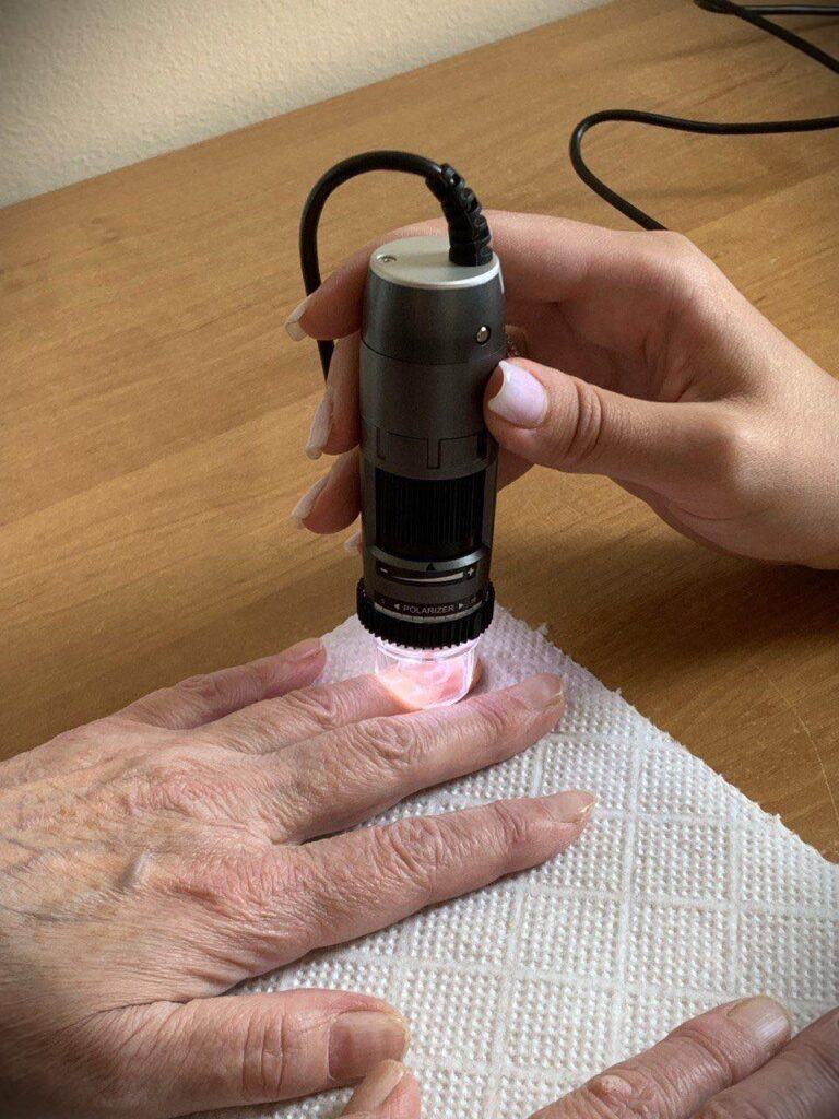 Процедура виконується за допомогою спеціального капіляроскопа, який дає можливість оцінити стан капілярів – їхню форму, розмір, щільність та рівномірність розташування. Обстеження особливо важливе для пацієнтів із синдромом Рейно, системною склеродермією та низкою інших захворювань.
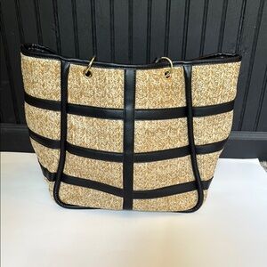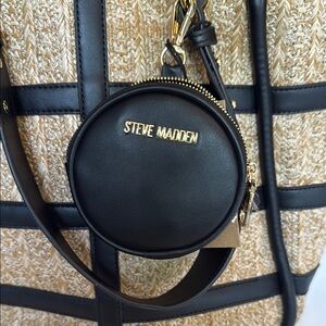 This Steve Madden tote bag showcases a striking geometric design with black straps overlaying a tan woven base. The structured style and sturdy black handles make it both fashionable and functional, perfect for everyday use.
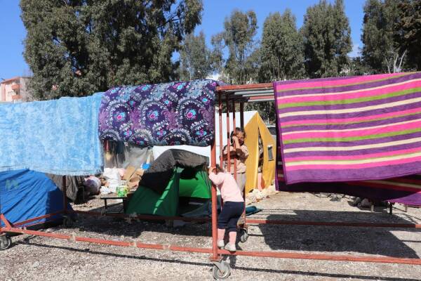 Antakya’da iki gündür kentte yağan yağmur ve etkili olan fırtına nedeniyle depremzedeler geceleri ıslak zeminde uyumak zorunda kalıyor.
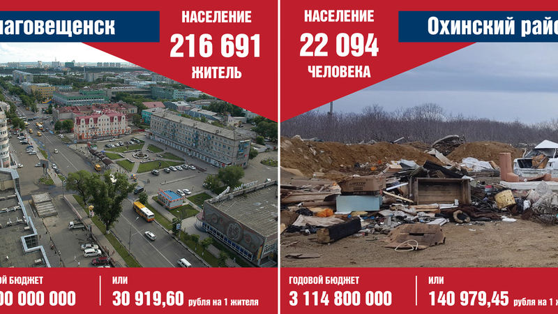 Если оценить состояние улиц и дворов, добавить к расчетам затраты на фактический снос аварийных домов и ликвидацию свалок в Охе, то, несмотря на высокие цифры, муниципалитет сильно проигрывает другим городам Дальнего Востока. Это можно рассмотреть наглядно, опираясь на цифры и сравнив фотографии «нефтяной столицы Сахалина» и более бедных населенных пунктов.
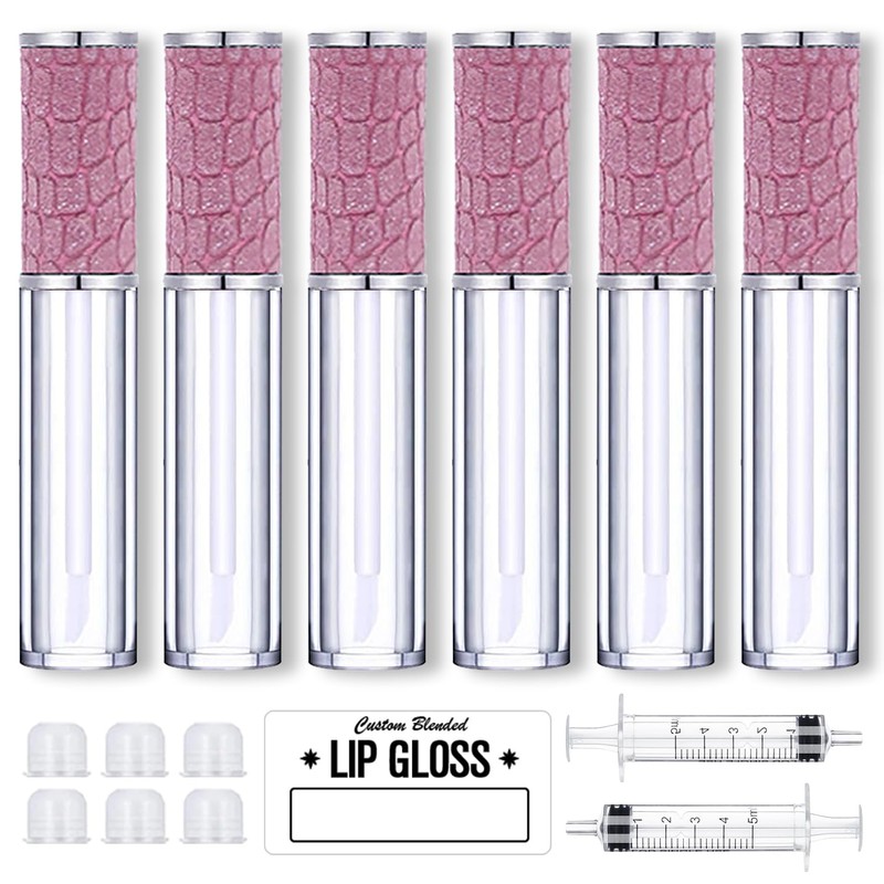 AMORIX 6pcs Lip Gloss Tubes with Wand 5ml Empty Lip Gloss Containers Purple Lipgloss Bottles Crystal Lip Supplies Kit with Syringe for DIY Lipgloss Base
────────────────────────────────────────
- DIRECTIONS:
Your task is an exact transcription of all the data, minus the pictures.

- SOLUTION TO THE EXERCISE:
 Процедура виконується за допомогою спеціального капіляроскопа, який дає можливість оцінити стан капілярів – їхню форму, розмір, щільність та рівномірність розташування. Обстеження особливо важливе для пацієнтів із синдромом Рейно, системною склеродермією та низкою інших захворювань.
 This Steve Madden tote bag showcases a striking geometric design with black straps overlaying a tan woven base. The structured style and sturdy black handles make it both fashionable and functional, perfect for everyday use.
 Antakya’da iki gündür kentte yağan yağmur ve etkili olan fırtına nedeniyle depremzedeler geceleri ıslak zeminde uyumak zorunda kalıyor.
 Если оценить состояние улиц и дворов, добавить к расчетам затраты на фактический снос аварийных домов и ликвидацию свалок в Охе, то, несмотря на высокие цифры, муниципалитет сильно проигрывает другим городам Дальнего Востока. Это можно рассмотреть наглядно, опираясь на цифры и сравнив фотографии «нефтяной столицы Сахалина» и более бедных населенных пунктов.
 AMORIX 6pcs Lip Gloss Tubes with Wand 5ml Empty Lip Gloss Containers Purple Lipgloss Bottles Crystal Lip Supplies Kit with Syringe for DIY Lipgloss Base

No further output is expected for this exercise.